● **Task**
Everything in the data below except the pictures must be repeated word for word.

● **Information shown**
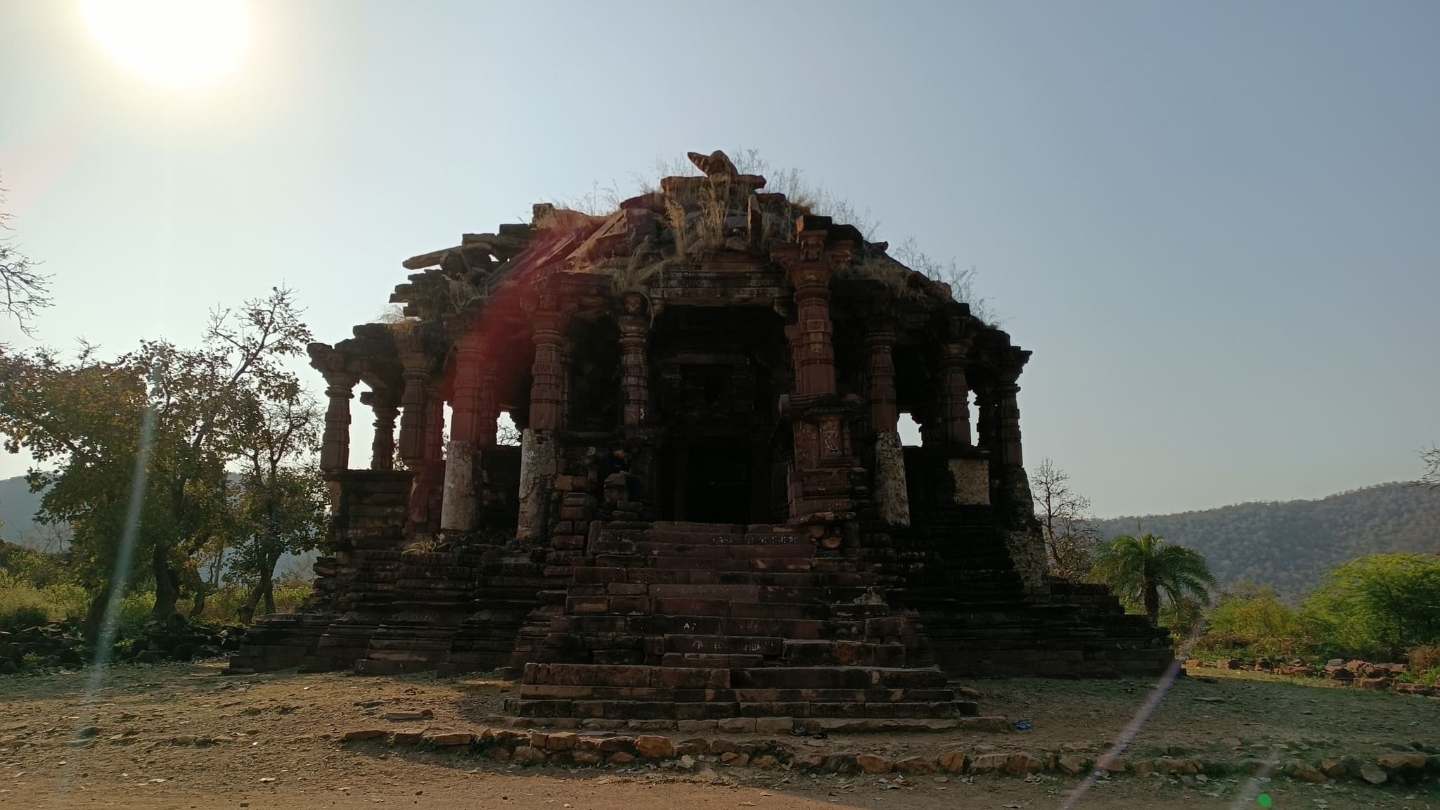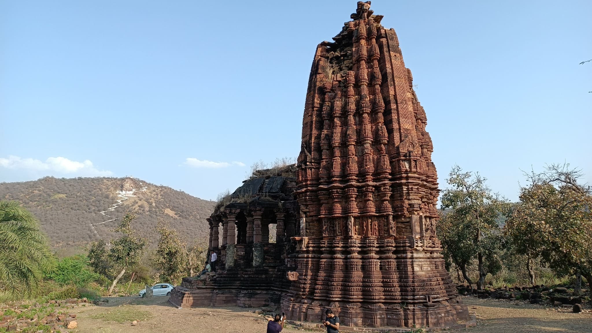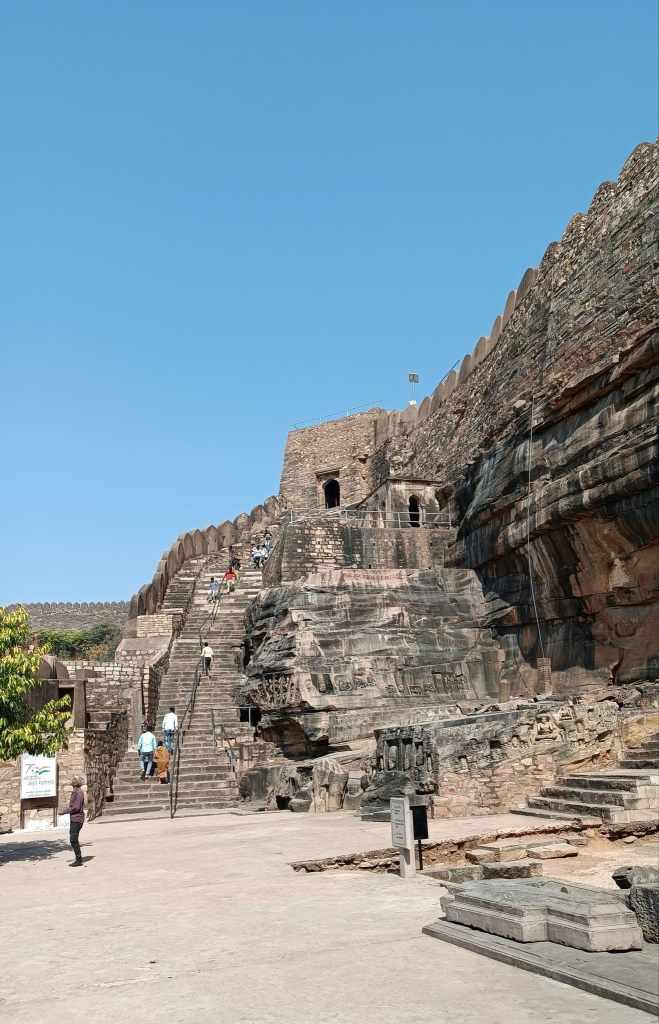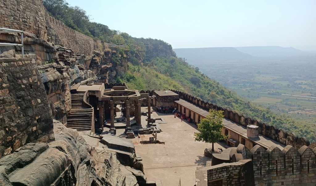 The fort sits on a flat-top hill, sprawling across a vast area replete with forest, ponds, and palaces. However, the most remarkable of the monuments is a temple formed out of a cave in the hillside, with the entrance embellished with a ruined pillared stone structure. The stone steps leading down to the temple are adorned with figures and caves carved into the rocky hillside that immediately transport one into the realm of perilous treasure hunts portrayed in an Indiana Jones adventure.
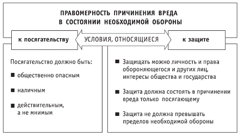 Как видно из представленной схемы, условия правомерности причинения вреда в состоянии необходимой обороны могут относиться к посягательству и защите. Рассмотрим их более подробно.
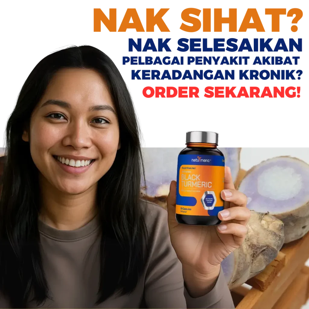 NATURMERIC adalah suplemen kesihatan berasaskan ekstrak Black Turmeric (Kunyit Hitam Asli yang telah disahkan oleh University Putra Malaysia,UPM), Herba yang jarang ditemui dan bernilai terlalu tinggi yang kaya dengan curcuminoid dan antioksidan berfungsi menentang keradangan kronik — iaitu akar utama kepada pelbagai penyakit moden — serta menyokong pemulihan tubuh secara menyeluruh tanpa bergantung pada ubat sintetik.

● **Response to the exercise**
 The fort sits on a flat-top hill, sprawling across a vast area replete with forest, ponds, and palaces. However, the most remarkable of the monuments is a temple formed out of a cave in the hillside, with the entrance embellished with a ruined pillared stone structure. The stone steps leading down to the temple are adorned with figures and caves carved into the rocky hillside that immediately transport one into the realm of perilous treasure hunts portrayed in an Indiana Jones adventure.
 Как видно из представленной схемы, условия правомерности причинения вреда в состоянии необходимой обороны могут относиться к посягательству и защите. Рассмотрим их более подробно.
 NATURMERIC adalah suplemen kesihatan berasaskan ekstrak Black Turmeric (Kunyit Hitam Asli yang telah disahkan oleh University Putra Malaysia,UPM), Herba yang jarang ditemui dan bernilai terlalu tinggi yang kaya dengan curcuminoid dan antioksidan berfungsi menentang keradangan kronik — iaitu akar utama kepada pelbagai penyakit moden — serta menyokong pemulihan tubuh secara menyeluruh tanpa bergantung pada ubat sintetik.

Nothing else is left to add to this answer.